▶ **COLLECTED MATERIAL**
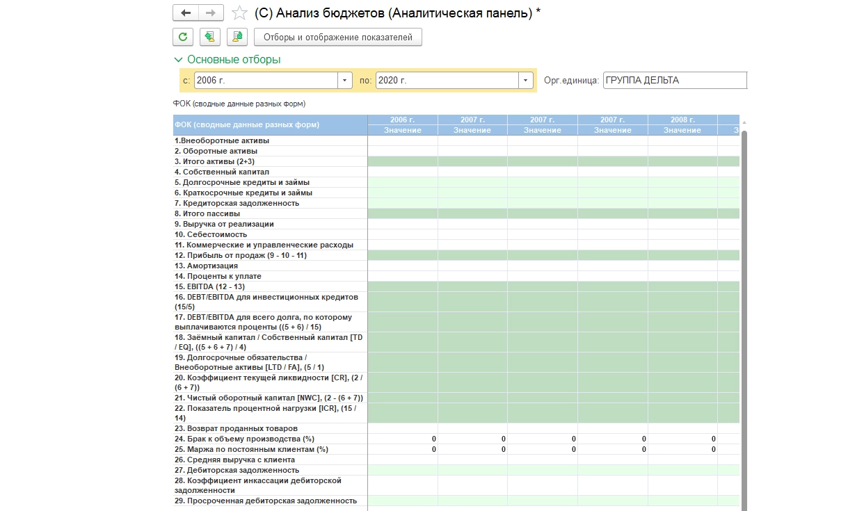 Настроим 1С:ERP или 1С:УХ для корректного управления дебиторской задолженностьюВ разрезе анализа бюджетов могут быть настроены панели с упоминанием дебиторской задолженности и показателей по работе с ней.
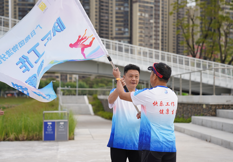 公司黨總支書記、董事長劉學輝同志親臨活動現(xiàn)場,為本次跑團成立授旗并參與到健康跑活動中。
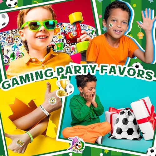Fun and Interactive Party Experience: These Soccer-themed party favors are not only great for decorations but also provide interactive fun for guests. The mini Soccers, slap bracelets, and Soccer stickers can be used during the party for games, challenges, or just to keep everyone entertained. It’s a perfect way to engage kids and make the celebration even more exciting!

▶ **EXERCISE**
Omit pictures; set down the rest of the material word for word.

▶ **TASK RESULT**
 Настроим 1С:ERP или 1С:УХ для корректного управления дебиторской задолженностьюВ разрезе анализа бюджетов могут быть настроены панели с упоминанием дебиторской задолженности и показателей по работе с ней.
 公司黨總支書記、董事長劉學輝同志親臨活動現(xiàn)場,為本次跑團成立授旗并參與到健康跑活動中。
Fun and Interactive Party Experience: These Soccer-themed party favors are not only great for decorations but also provide interactive fun for guests. The mini Soccers, slap bracelets, and Soccer stickers can be used during the party for games, challenges, or just to keep everyone entertained. It’s a perfect way to engage kids and make the celebration even more exciting!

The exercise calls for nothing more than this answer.